VIOLENCE
Con i pugni stretti nelle tasche non puoi sparare con una pistola.
Il cuore è un tamburo che batte a un ritmo costante. Sento i miei passi, le suole di gomma che si appoggiano sull’asfalto freddo. Ogni respiro che faccio è un’ammissione di sconfitta.
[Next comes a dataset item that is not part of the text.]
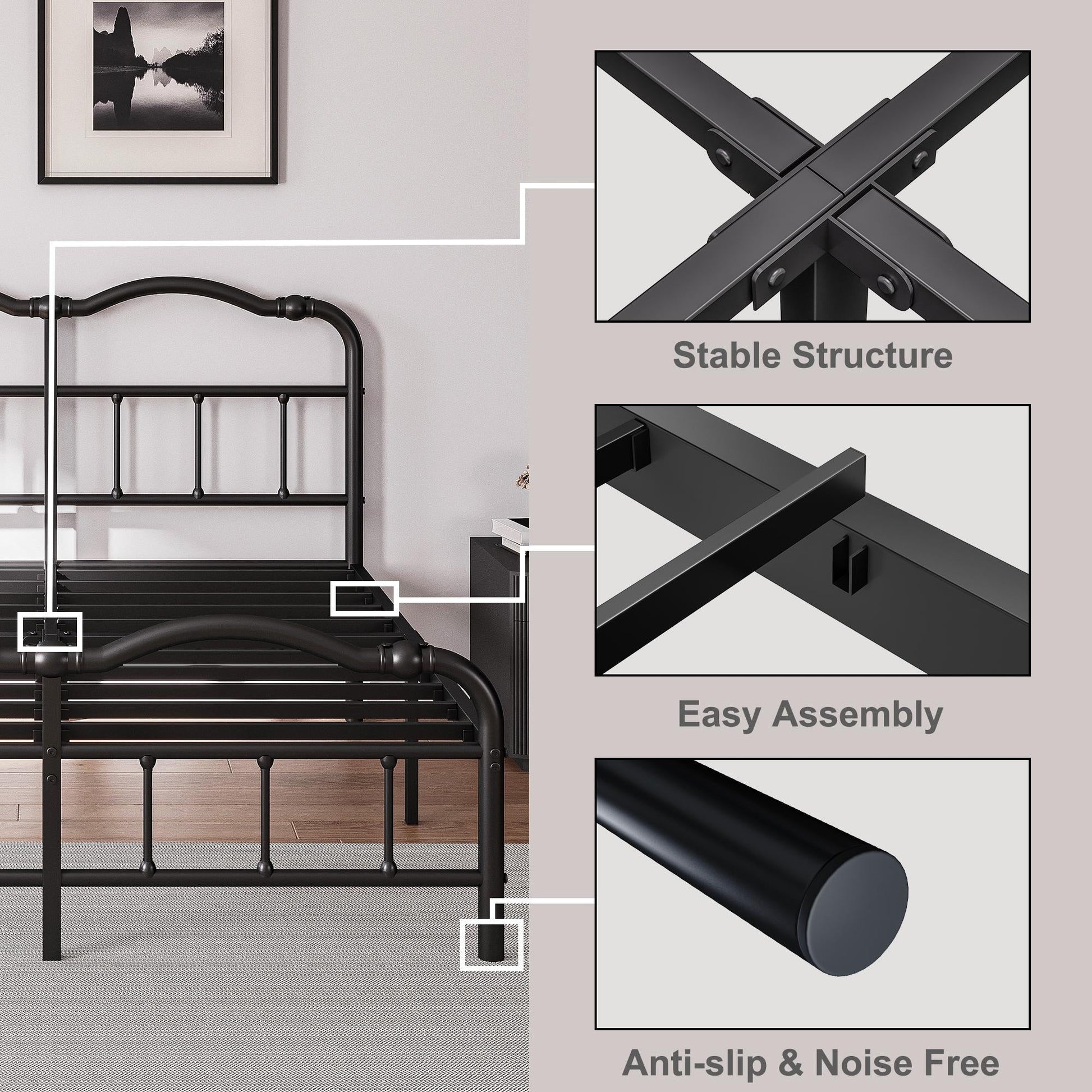 14 In High Heavy Duty Metal Bed Frame with Vintage Style, Supports Up To 2500lbs, Easy Assembly and No Squeak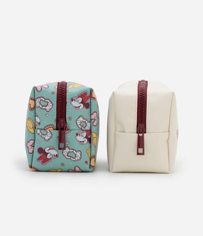 Kit com três necessaires diferemtes: 01 quadrada em PVC transparente, 01 retangular com estampa total de Minnie e 01 retangular com estampa localizada.

Aspetto la pioggia e tutte le tempeste che il cielo rovescia sulle persone, ma non guardo in alto. Perché in alto si guarda per ammirare, per una preghiera o una bestemmia. Il cielo se ne frega di dove ricade la sua furia. E nemmeno a me importa.
Sono un nome affondato in un pozzo di tenebra. Le cicatrici che solcano il volto che vedi sono le mappe di me che ignori. I miei occhi fendono l’aria e intagliano figure, hanno appreso l’arte di leggere quello che le parole non dicono.
Ciò che ho visto è tutto quello che ho. Ricordi che sono fiori cresciuti ai bordi di una strada piena di buche. Ricordi che sono ferite, vite interrotte, vite rovinate. Sfregi inferti al tessuto del tempo.
Dovrei farlo anche adesso. Aprire la giacca, prendere la pistola e fare l’unica cosa che mi riesce bene. Un atto di violenza che è una fine senza appello, un viaggio che non ha ritorno. Tu sei lì, davanti a me. Guardi una vetrina che riflette l’immagine di un morto vivente. Una di quelle scelte che strappano il tessuto del tempo ha condannato te, e portato qui me, in questa strada dove non c’è alcun fiore.
Dovrei continuare a tenere le mani in tasca, perché così non potrei sparare a nessuno. Ma ho una missione, e io sono quello che chiamano per portare a termine le missioni. C’è però qualcosa di strano in quest’aria, lo senti anche tu perché ti muovi. Le note di una chitarra formano un richiamo che rapisce. Alcune forme di bellezza chiamano sottovoce, perché così il caos non si accorge di loro.
Accade che la bellezza calma l’anima in guerra, come una mano gentile che si posa sul braccio. Una ragazza canta, due uomini perduti ascoltano. Un bambino sfreccia accanto a me, e la sua felicità arriva e se ne va come il soffio di un prestigiatore.
Un attimo dopo, sento altro.
Una cicatrice antica che si riapre, la nostalgia di qualcosa che era cresciuto ai bordi di un marciapiede. Dentro le tasche, le mie mani affondano come per scavare nelle viscere della terra. Un nome d’uomo, chiamato dalla voce di una donna, riaffiora dal buio e danza con le note, sfiorando i lembi di una ferita.
Io sono qui. Dove non avrei mai dovuto essere.